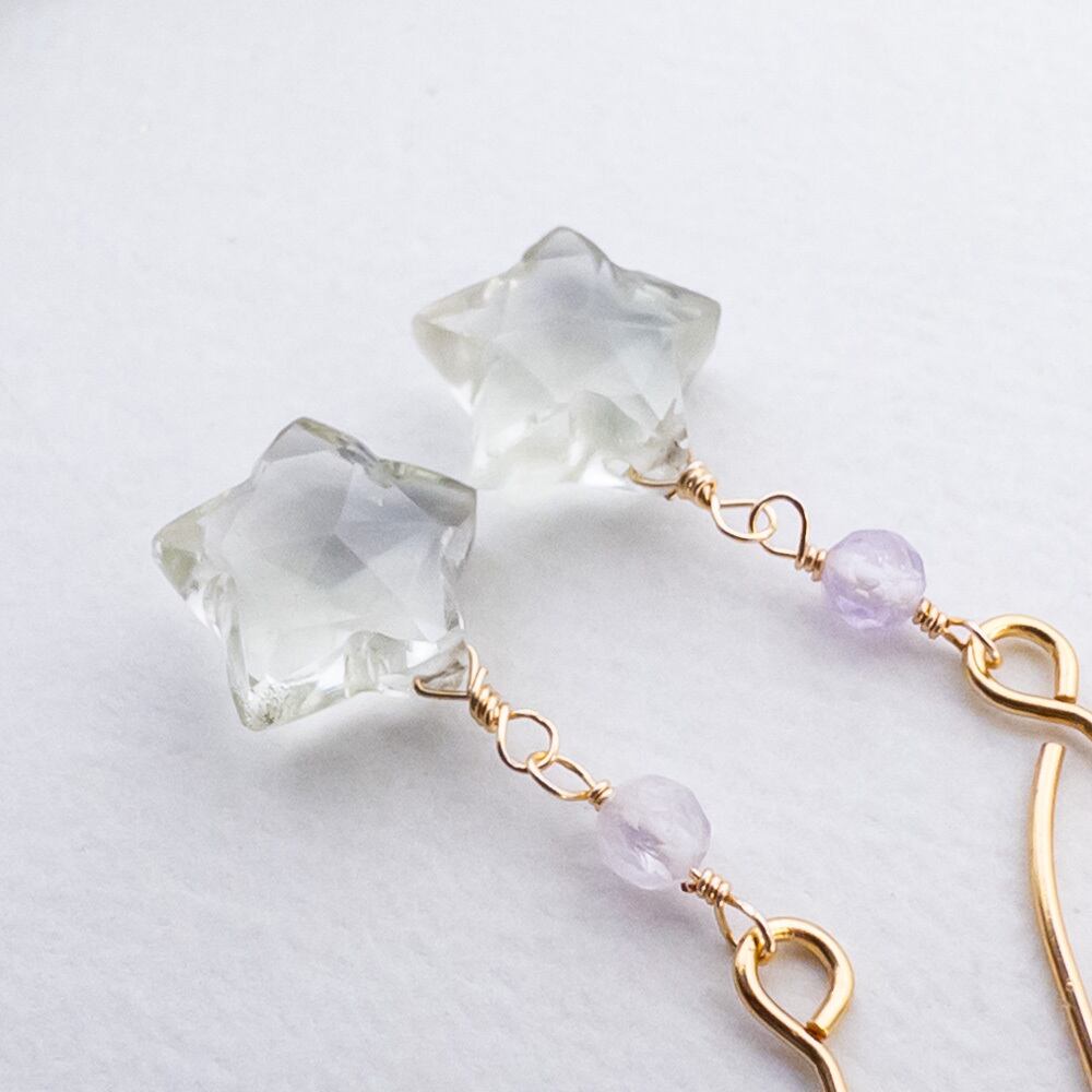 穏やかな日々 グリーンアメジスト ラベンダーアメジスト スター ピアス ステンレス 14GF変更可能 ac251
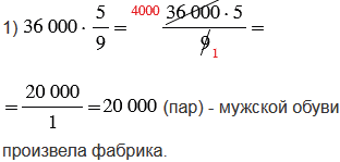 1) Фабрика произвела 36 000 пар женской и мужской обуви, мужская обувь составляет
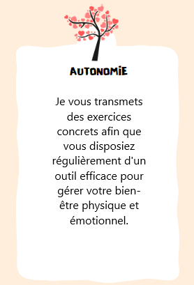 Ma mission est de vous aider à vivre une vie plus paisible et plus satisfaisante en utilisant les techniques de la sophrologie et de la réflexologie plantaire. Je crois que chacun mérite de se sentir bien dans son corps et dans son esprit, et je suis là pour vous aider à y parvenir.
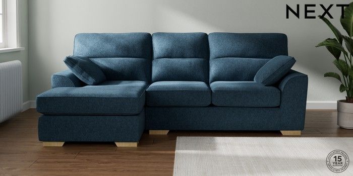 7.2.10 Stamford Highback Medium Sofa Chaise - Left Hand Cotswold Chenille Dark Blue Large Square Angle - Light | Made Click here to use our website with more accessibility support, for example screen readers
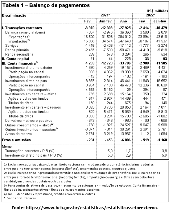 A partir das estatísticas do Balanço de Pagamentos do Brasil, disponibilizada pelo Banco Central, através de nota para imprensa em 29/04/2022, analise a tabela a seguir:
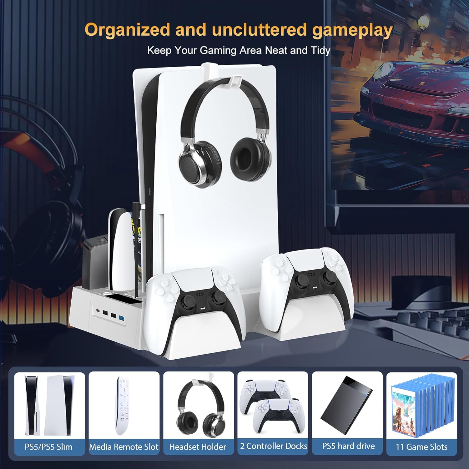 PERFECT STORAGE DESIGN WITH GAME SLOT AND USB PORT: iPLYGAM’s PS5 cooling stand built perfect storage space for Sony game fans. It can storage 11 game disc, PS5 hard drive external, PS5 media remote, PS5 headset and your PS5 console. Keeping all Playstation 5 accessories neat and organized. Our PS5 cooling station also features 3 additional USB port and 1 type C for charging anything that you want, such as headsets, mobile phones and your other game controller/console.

...

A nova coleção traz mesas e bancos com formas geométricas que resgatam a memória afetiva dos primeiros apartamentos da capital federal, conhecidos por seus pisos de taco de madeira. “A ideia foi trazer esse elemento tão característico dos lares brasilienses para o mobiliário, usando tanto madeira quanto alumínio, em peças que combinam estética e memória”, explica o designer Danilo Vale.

==

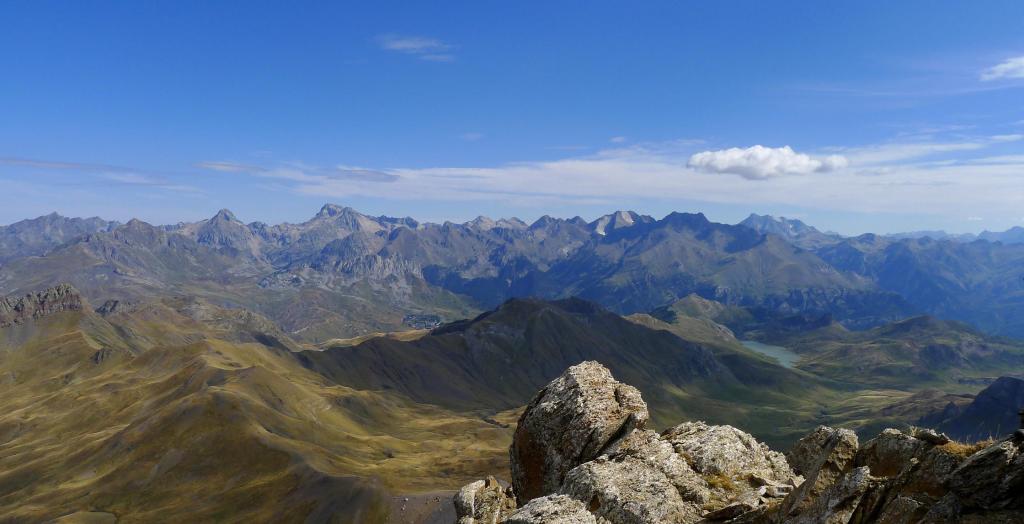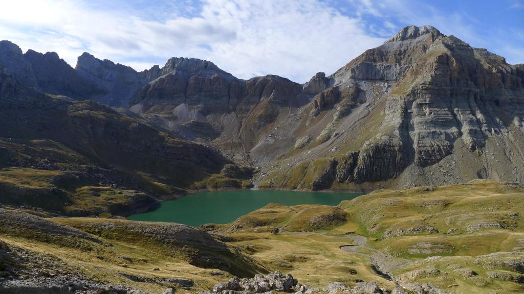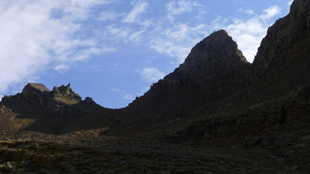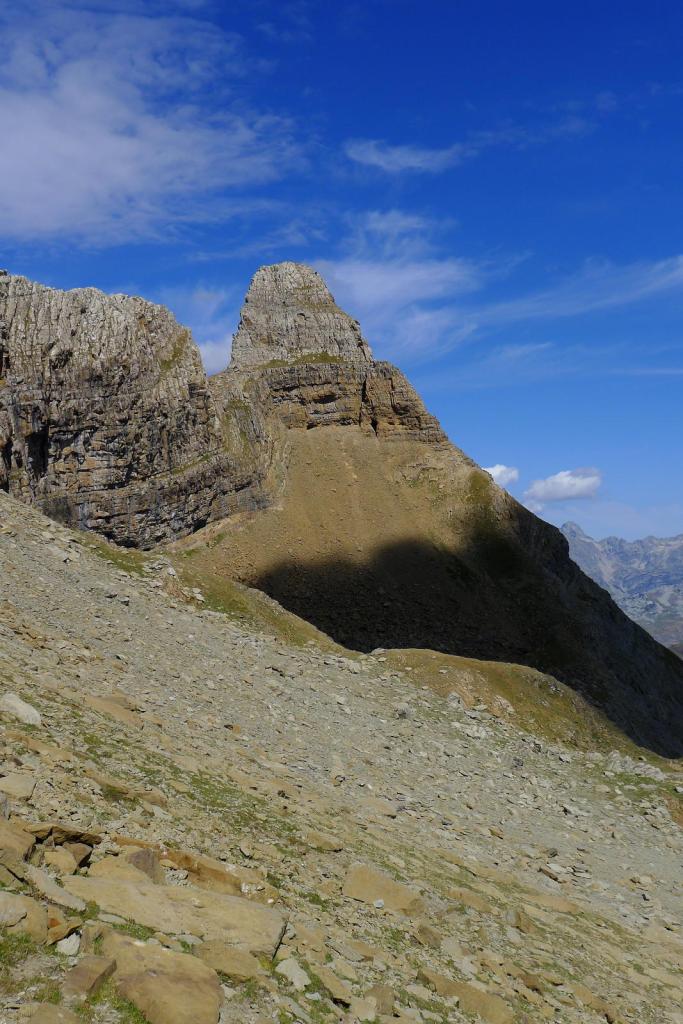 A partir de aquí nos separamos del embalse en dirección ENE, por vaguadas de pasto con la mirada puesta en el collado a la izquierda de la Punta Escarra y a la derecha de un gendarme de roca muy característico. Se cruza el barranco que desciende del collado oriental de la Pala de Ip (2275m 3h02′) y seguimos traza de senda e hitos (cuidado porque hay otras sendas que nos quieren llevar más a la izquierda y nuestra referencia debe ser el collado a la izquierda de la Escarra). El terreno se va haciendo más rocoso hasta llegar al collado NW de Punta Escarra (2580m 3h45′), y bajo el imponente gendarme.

__The task__. Write out the lines above from the one with "7.2.10 Stamford Highback" through the one with "PERFECT STORAGE DESIGN", ends included, exactly; no picture goes in.

__Result for this task__.
 7.2.10 Stamford Highback Medium Sofa Chaise - Left Hand Cotswold Chenille Dark Blue Large Square Angle - Light | Made Click here to use our website with more accessibility support, for example screen readers
 A partir das estatísticas do Balanço de Pagamentos do Brasil, disponibilizada pelo Banco Central, através de nota para imprensa em 29/04/2022, analise a tabela a seguir:
 PERFECT STORAGE DESIGN WITH GAME SLOT AND USB PORT: iPLYGAM’s PS5 cooling stand built perfect storage space for Sony game fans. It can storage 11 game disc, PS5 hard drive external, PS5 media remote, PS5 headset and your PS5 console. Keeping all Playstation 5 accessories neat and organized. Our PS5 cooling station also features 3 additional USB port and 1 type C for charging anything that you want, such as headsets, mobile phones and your other game controller/console.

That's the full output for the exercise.